There was a time when I had no interest in being challenged. Whether from laziness or insecurity or a general malaise, the bare minimum was my life philosophy. I attempted college a few times but even with my favorite subjects, I became uncomfortable and disinterested the moment the professor took us beyond my general knowledge. It was just such a drag to memorize facts, do homework, and actively engage in learning - to be reminded that I didn't know everything. You see, I was burdened with that self-involved youthful pomposity, that "I know everything" attitude that so often defines the teen years and early twenties - that is until the cold hard truth of life comes crashing down on the arrogant fantasy like a meteor crashing through the protective dome of a bustling Martian colony - I suppose.
Here’s the thing. The bare minimum works for a while. In my twenties, it allowed me to have a great deal of fun. It allowed me to be the wild card, the nut, the free-spirit. If you needed someone to ditch work and accompany you to a Smashing Pumpkins/Garbage concert, I was your boy! There was a period - let’s call it an era - when I spent each and every night out at a bar or club or party. I knew everybody and everybody knew me. It was fun. It was comfortable. It’s as if every night was just a big plate of macaroni & cheese.

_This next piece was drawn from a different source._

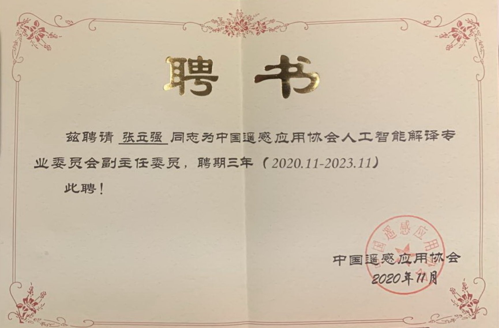 张立强教授被聘为中国遥感应用协会人工智能解译专业委员会副主任委员

Eventually, the bare minimum begins to wear on the body, mind, and spirit - particularly the spirit. You see, the bare minimum basically amounts to comfort. People love comfort - I know I do - but comfort’s only benefit is a momentary enjoyment. That big plate of macaroni & cheese tastes great and feels so good while we’re eating it, but not only does it lack much nutritional value, it also causes eventual negative consequences - weight gain, poor digestion…. Maybe bad breath - I don’t know - I’m no doctor, because that would have involved challenging myself.
By my late thirties, my bare minimum lifestyle had left me heavy, unhealthy, poorly educated, and severely insecure. I had nothing to show for my life, save for some wild stories of youthful nonsense. I lacked education, because I had shirked school. I lacked social skills, because I had dodged arguments and debates. I lacked the physique I desired because it was easier to just sit around and watch TV. I lacked good health, because fast food was easier and tasted better than healthier options. I lacked opportunities, because instead of writing screenplays and honing my filmmaking skills, I preferred to merely dream about the results of such a career.
When my relationship of eleven years was finally put to death, I was forced to reevaluate some things - particularly my bare minimum philosophy. As I scrolled through the new dating world of Grindr, I realized I would never have a chance with the hot successful guys out there unless I too was hot and successful. There’s an irony to being an overweight loser wondering why hot successful guys won’t look at me. We all know people who do this — they only want fit, trim, intelligent, and successful people, but can’t imagine why all those fit, trim, intelligent, and successful people don’t want them - even though they haven’t done anything to better themselves - to make themselves healthy or successful. Present to them someone similar to themselves and they balk at the idea. “Gross,” they say, “he’s fat,” as they double fist Twinkies into their mouth. “Ew,” they say, “she’s a waitress,” as they put on their black polo shirt and head to work at the hotel.
That’s when my philosophy changed. That’s when I turned my slightly overweight back on the bare minimum and began challenging myself. I’d take the stairs instead of the elevator. I’d sit down and write instead of playing on facebook. I'd pull up a YouTube tutorial if I hit a wall with Photoshop. I'd keep taking bad photos until I understood how to take good photos. I’d eat greens instead of pasta. I'd meditate when I could be napping. Every day, it became easier. Of course, I failed from time to time, actually a lot. Of course, I backslid some, actually a lot. My challenge is not to be perfect - it’s merely to try to be better than I was - to be better than the bare minimum.
Now, I’m back in college - finally in film school, which is all I ever wanted to do. A little over a year into it and I’m a straight A student - consistently on the Dean’s List. I’ve made some great friends - and with those friends, I’ve made some challenging movies that pushed me beyond my initial skill level.
Today, I was reminded of how far I’ve come. It was my second day of one of my new classes - a film history class. The teacher is balls-to-the-walls tough. She is not accepting anything less than perfection. Every assignment has to be essay form, MLA format. If anything is wrong, she gives it back and takes off points for it being late. I’m a wreck, worried about not giving her what she wants, worried about ruining my straight-A record. Thumbing through the syllabus, I see topics I know nothing about. This class will be a wholly new experience. It’s going to challenge my intelligence, my writing skills, and my ability to absorb new information. I readily accept that challenge, because I know that when the class is over, I will be a better person for going the extra step, for going beyond the bare minimum.